There are two ways a fantasy film can go - Big and Majestic, or Capital-S Silly. The Lord of the Rings films are filled with Big and Majestic people doing Big and Majestic things. Those films managed to pull it off but it is a very tight needle to thread. The prequel LotR: The Rings of Power series aimed for Big and Majestic and hit Long and Quite Tedious instead.
The producers of Honor Among Thieves wisely knew that D&D doesn't really trade in sensible stories and just packed as much craziness as they could into 2¼ hours. Anyone who has played a role-playing game knows that even the most serious plot gets totally derailed as soon as the players start messing things up, so D&D:HAT is filled with the sort of side quests, disasters, crazy heists, and ridiculous fights that could have easily sprung from the minds of a group of 14 year old nerds.
I was particularly enamored with the way the film deliberately features some of the stupider D&D troupes. Let me count them (slight spoilers):
- The party gets hired by powerful NPC who betrays them...

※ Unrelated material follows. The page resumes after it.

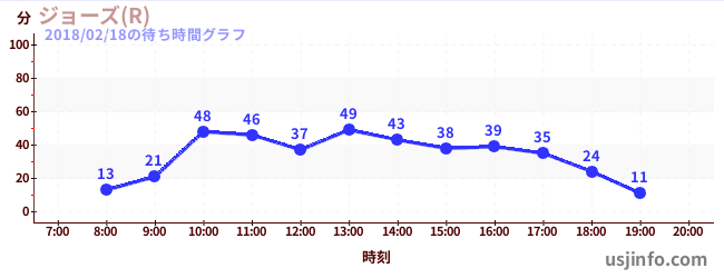 • ジョーズ(R)$B$N(B2018年02月18日の待ち時間

- ... with the cooperation of one of the party
- An Owlbear - the second stupidest entry in the D&D Monster Manual
- Displacer Beasts - the third stupidest monsters but very well realized on screen
- A trap involving a complex mathematical solution that the characters completely cheat their way around
- An incredibly powerful NPC that joins them for a while before leaving them complete the quest for no real reason
- The perfect magic item just falling into the hands of the party at the right time
- A needlessly elaborate tournament
- A Gelatinous Cube - D&D's stupidest monster
- Generally having a plot that is just an excuse for set pieces.
My one disappointment is that at no point is there a door that asks the players a riddle - they must be saving that one for the sequel.
Gladly, some of the more juvenile D&D tropes are avoided - there is not a scantily clad elf princess in sight and the barbarian warrior woman is actually wearing armor that actually covers the vital organs as well as erogenous zones.
The cast is much better than it needs to be, their characters pop off the screen with witty dialog. There is an emotional core to the film but it is almost completely (and wisely) ignored; the occasional emotional scenes are given a light touch and the whole thing gels together into a very entertaining and satisfying gallimaufry.